Hi friends –
In this blog post, we'll learn how to use OpenAI's speech-to-text API to transcribe our voice notes into text.
An application like this can be handy if you use voice notes, record videos, and want to repurpose audio files and turn them into text you can post on your blog or social media.
Our application uses Next.js, TypeScript, and Tailwind for styling.
🚨👉 If you're wondering how you can do all this on a production server and create an app that people will use and pay for, I wrote a book for you: OpenAI Crash Course in One Hour: Build Production-Ready Generative AI Apps with React, TypeScript & Remix
If you're stuck, reply to this post, and I'll help!
Let's get started!
Uploading Audio Files in Next.js
In the previous blog post, we created a basic app for uploading audio files to our Next.js server. Please follow the post here:
The rest of the post will assume that you followed the previous tutorial.

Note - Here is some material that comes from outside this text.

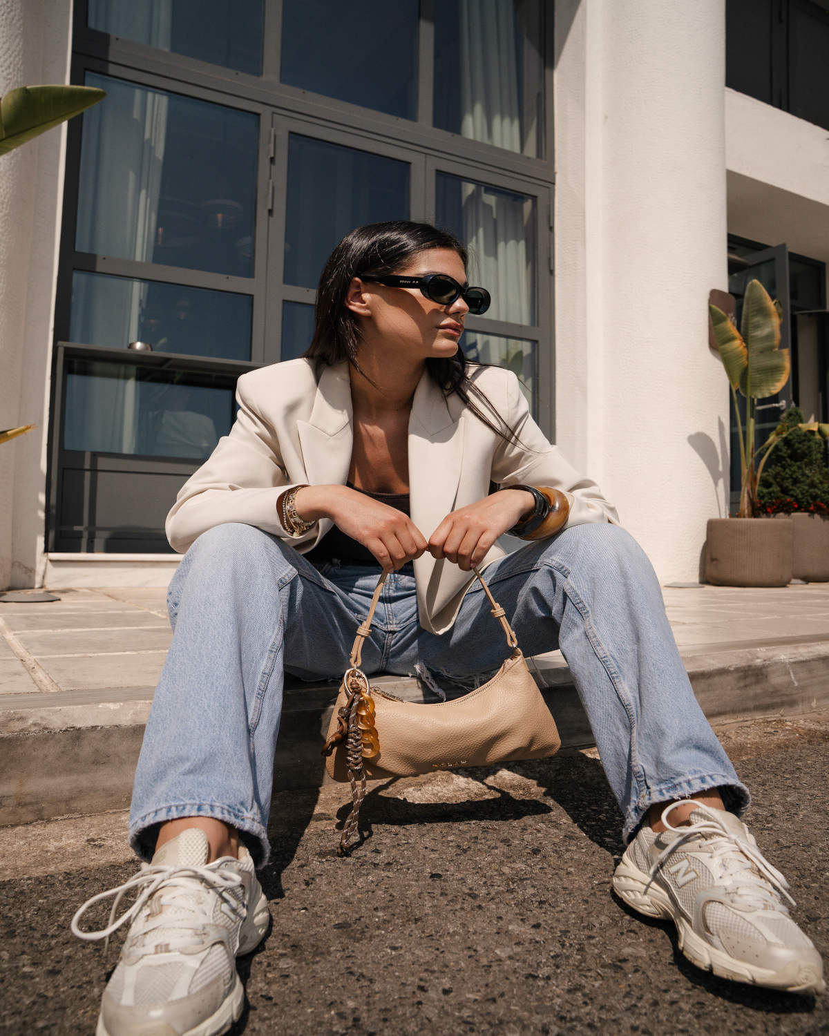 LINA BEIGE LIGHT GOLD – Τσάντα ώμου & χιαστί

Your form is working, and when you submit it with a selected file, Next.js uploads and saves it in your project's root directory.
Setting up OpenAI
To use OpenAI's Speech to text API, you'll need three things:
An OpenAI account
A positive OpenAI credit balance
an API key
If you don't have an account, head to https://platform.openai.com/ and create one.
You can add credits in Settings. Select your organization and go to Billing:
While writing this post, the minimum credit you can add is $5, which is plenty for building small demo apps.
Now, let's obtain the API keys by selecting the option with the same name from the sidebar:
Finally, click the Create new secret key button to create a new API key.
Don't share this key with anyone. If you accidentally publish your key, make sure you delete it. Third parties can use up your OpenAPI credits and might even incur significant charges for you.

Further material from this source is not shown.